It does sound like a common Westie thing - we did a lot of research before deciding upon which breed of dog to get but there was no mention of them being telly addicts! I have found that I can keep him distracted whilst the adverts are on with some cheese and this works well but it's when something comes on TV that we're not prepared for that causes the problem. The other day he actually managed to smash the glass shelf on the TV stand - a sheep appeared on a TV programme my son was watching and Wilson dived at the TV barking his head off and landed on the shelf - luckily he wasnt hurt but it still hasnt put him off!


----------



## leashedForLife (Nov 1, 2009)

all terrierrists are motion-sensitive and reactive to sound - 
Westies are just another of the Thin-Skinned Group in dogs. :lol: BCs, Shelties, ...


goody2shoes said:


> The other day he actually managed to smash the glass shelf on the TV stand -
> a sheep appeared on a TV programme my son was watching and Wilson dived at the TV barking his head off
> and landed on the shelf - luckily he wasnt hurt but it still hasnt put him off!


tether him to the couch-leg or UMBILICAL him to U, for his safety and the various objects.


----------



## powerpuffgirl79 (Apr 30, 2013)

Hello!

Our almost 3 year old westie does exactly the same; he jumps up, growls, yaps and generally attacks the tv whenever there are animals, a fast action sequence, a fight, an argument, something fast happening, adverts...we've all but give up on watching tv when he's in the room. I can't play on my xbox without him starting!

We've tried putting him on his lead when he starts and it sometimes stops him as he knows he can't get near the tv, but if we try to remove him from the room he becomes really aggressive. The only thing we can do if we want to watch something is put him in another room, though this isn't always practical.

We are extremely fed up! 

Help?!


----------



## Barbs (Apr 26, 2013)

Hi my westie loves tv she will sit watching animal program's loves it when chickens or ducks are on barks when they are gone, she goes mad looking behind tv ,they are so special :


----------



## reliable65 (May 5, 2013)

Wow exactly what my Westie does - He even recognises the tunes from the adverts and comes running in and barks like mad - putting nose prints on my tv

put it this way the neighbours know when coronation street is about to start

Im afraid i cannot help Cos 4 years later my dog still thinks that the cat and the pigeon are gonna come out of the tv at the start of corri


----------



## leashedForLife (Nov 1, 2009)

powerpuffgirl79 said:


> Our... 3-YO Westie does... the same; he jumps up, growls, yaps and generally attacks the tv
> whenever there are animals, a fast action sequence, a fight, an argument, something fast happening,
> adverts... we've all but give up on watching TV when he's in the room.
> I can't play on my x-box without him starting!
> ...


* Install a tether [or make a portable version] & CLIP him to it before turning on the TV.
Tethered to Success

* screw-eye into the baseboard [or 2-ft long 2 x 4], 
* 18-inches of free cable between 2 spring-clips, 
* at least 8-ft from the TV.
Randomly toss treats at the dog - he'll pay attn to the anticipated goody, vs hypervigilant focus 
on the TV, anticipating a target. 

* Or...
have a 10-ft long light drag-line on his buckle-collar [no choke-chains, no slip-collar, no slip-lead]
before the TV is on, so long as he's in the house; use the DRAG-line to move him out of the room 
the instant he reacts to the TV - *without!* scolding, acting pissed, threatening moves, etc.

As soon as he's far-enuf away to be calm, REWARD instantly - & as U give him a short series of treats, 
pea-sized or half-pea sized goodies, *warm, sincere praise* accompanies the jackpot.
Small-diced chicken-breast or lean beef, tuna / salmon / mackerel / sardines [pouch or can], turkey,
diced or grated low-fat Mozz, etc... Not kibble [*unless* U've jazzed it up by adding one or more of those 
& let it stand overnight in a zipped baggie in the frig.

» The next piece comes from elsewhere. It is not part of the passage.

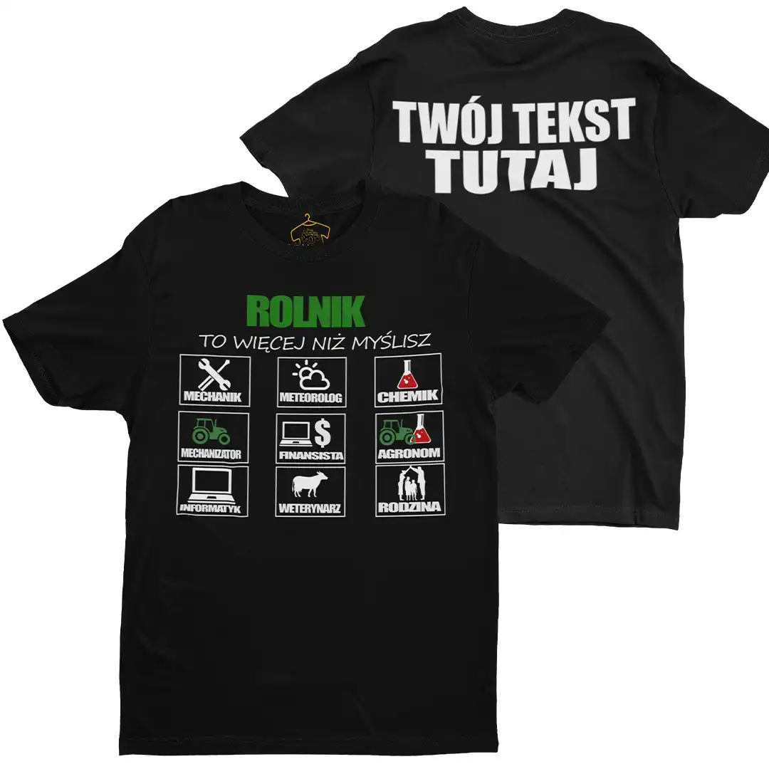 Koszulka dla rolnika rolnik to więcej niż myślisz + możliwy własny napis/nazwa gospodarstwa/imię na plecach za dopłatą. By dodać własny napis wpisz go w polu wyżej i zaznacz opcję własny napis na plecach na tak .

The smell of the nice additions permeates it, 
& then the kibble becomes really rewarding.  ].

jackpots: 
a string of small but high-value goodies, each given as quickly as the dog swallows the prior one.  ]


----------



## Supasilvfoxy (Apr 6, 2013)

If it was me, I would do something similar as above., but I wouldnt treat/reward in this instance. 

I would just remove the dog from the room, no talking to it at all. Leave the dogs collar on with a short lead attached, as SOON as the dog barks pick up the lead, go to the door, open the door and put the dog out of earshot of the TV. What you are teaching the dog is, there is only one consequence when it barks at the TV, it gets removed from the room. It may take a while - it all depends on the dog and the level of it's excitement but it will work as long as you are consistent. Barking means no TV, that is all you have to keep in mind.


----------